### INSTRUCTIONS FOR THE TASK
For this exercise, return the line containing "Soft gardeny looking" and every line after it through the end of the records below, without alteration.
=== Begin Enclosure ===
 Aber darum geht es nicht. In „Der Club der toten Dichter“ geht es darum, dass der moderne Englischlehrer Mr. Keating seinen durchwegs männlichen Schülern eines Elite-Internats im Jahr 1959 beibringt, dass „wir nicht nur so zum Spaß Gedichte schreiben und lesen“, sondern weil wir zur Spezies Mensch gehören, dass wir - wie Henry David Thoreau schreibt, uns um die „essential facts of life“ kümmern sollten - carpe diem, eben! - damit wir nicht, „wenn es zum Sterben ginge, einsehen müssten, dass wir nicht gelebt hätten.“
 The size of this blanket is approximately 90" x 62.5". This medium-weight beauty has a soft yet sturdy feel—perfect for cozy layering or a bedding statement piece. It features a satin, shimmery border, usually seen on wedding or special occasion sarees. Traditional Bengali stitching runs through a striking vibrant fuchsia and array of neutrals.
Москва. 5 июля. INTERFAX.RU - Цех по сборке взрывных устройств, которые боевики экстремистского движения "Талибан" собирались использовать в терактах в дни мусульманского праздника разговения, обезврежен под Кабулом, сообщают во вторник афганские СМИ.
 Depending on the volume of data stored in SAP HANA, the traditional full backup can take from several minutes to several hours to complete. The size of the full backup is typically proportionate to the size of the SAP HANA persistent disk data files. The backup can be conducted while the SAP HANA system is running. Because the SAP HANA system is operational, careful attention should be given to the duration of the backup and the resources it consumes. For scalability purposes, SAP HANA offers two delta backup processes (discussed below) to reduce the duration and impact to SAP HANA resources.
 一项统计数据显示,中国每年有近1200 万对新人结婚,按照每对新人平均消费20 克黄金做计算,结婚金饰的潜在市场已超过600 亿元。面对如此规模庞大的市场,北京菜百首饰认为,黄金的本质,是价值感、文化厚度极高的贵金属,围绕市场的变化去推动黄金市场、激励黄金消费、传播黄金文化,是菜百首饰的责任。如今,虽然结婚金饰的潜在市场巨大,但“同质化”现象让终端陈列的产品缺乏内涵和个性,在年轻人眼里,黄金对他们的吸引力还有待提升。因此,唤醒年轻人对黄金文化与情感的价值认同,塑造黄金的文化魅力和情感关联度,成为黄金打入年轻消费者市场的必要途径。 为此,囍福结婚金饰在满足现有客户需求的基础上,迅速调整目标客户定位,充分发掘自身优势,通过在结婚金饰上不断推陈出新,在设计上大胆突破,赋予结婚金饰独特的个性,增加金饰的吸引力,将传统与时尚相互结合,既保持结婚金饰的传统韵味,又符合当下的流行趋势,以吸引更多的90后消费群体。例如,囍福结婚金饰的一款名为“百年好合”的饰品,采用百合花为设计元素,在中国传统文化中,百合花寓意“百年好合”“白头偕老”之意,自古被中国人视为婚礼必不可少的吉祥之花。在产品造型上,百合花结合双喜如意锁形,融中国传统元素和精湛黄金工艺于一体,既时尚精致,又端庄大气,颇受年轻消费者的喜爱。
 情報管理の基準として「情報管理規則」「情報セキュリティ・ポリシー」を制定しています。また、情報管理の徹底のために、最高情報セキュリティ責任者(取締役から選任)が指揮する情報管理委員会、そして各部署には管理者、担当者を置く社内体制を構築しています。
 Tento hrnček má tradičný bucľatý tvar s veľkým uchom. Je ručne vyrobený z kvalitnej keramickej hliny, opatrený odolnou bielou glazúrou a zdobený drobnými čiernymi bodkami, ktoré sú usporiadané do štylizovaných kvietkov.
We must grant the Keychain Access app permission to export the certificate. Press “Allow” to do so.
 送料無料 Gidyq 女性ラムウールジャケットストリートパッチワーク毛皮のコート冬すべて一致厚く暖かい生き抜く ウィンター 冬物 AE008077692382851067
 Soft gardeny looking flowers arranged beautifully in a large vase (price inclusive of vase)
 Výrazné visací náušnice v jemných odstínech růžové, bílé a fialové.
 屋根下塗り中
=== End Enclosure ===
### WRITTEN REPLY
 Soft gardeny looking flowers arranged beautifully in a large vase (price inclusive of vase)
 Výrazné visací náušnice v jemných odstínech růžové, bílé a fialové.
 屋根下塗り中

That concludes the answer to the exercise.